Last panel should be the entire US Customary System, which is literally just a rescaling of the SI ("metric" system) units. US Customary is derived directly from SI.
When I was young I lived in Puerto Rico for a few years (1980's). Milk was sold in either one litre cartons or one gallon jugs. Distances in road signs and road markers were in kilometers but speed was in miles per hour. Fuel was sold in litres but fuel usage is in miles per gallon.
The whole world uses both for various things. Even the countries that "officially" use metric. Specific global industries still use imperial. Canadian and British people are perhaps the most famous for combining the two, but most of Europe also mixes things in here and there.
And of course the whole conversation is Euro-centric and ignores the historical use of traditional measurement systems in Africa and Asia, but somehow that never gets brought up.
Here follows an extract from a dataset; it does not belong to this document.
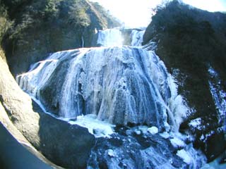 2001/2/?? 凍結した「袋田の滝」。 2001年2月、超広角レンズにて撮影。 この時は、一部水が流れており、全面凍結では なかった。 |

not to mention, the imperial system is just the metric system in disguise. An inch is defined as 25.4mm, and not by some universal constant, like a proper measuring system.
What are you talking about with the weed? It's sold in pounds, ounces, quarter ounces and "half quarters" which is as ridiculously un-metric as it gets.
Which sports use metric in the US? Gridiron football uses yards, auto racing uses miles, baseball uses feet, etc. The only sports I can think of that use metric are track and swimming, and those aren't as popular outside of Olympics time.
Europeans literally see no irony in throwing shade at Americans for hanging onto their traditional measurement system, while also speaking 27 different languages in the span of a few hundred miles.
Maybe come down off your high horse until you get that situation sorted, eh? >.>
Edit: Oops, I thought it would be safe to make a joke a in a meme thread.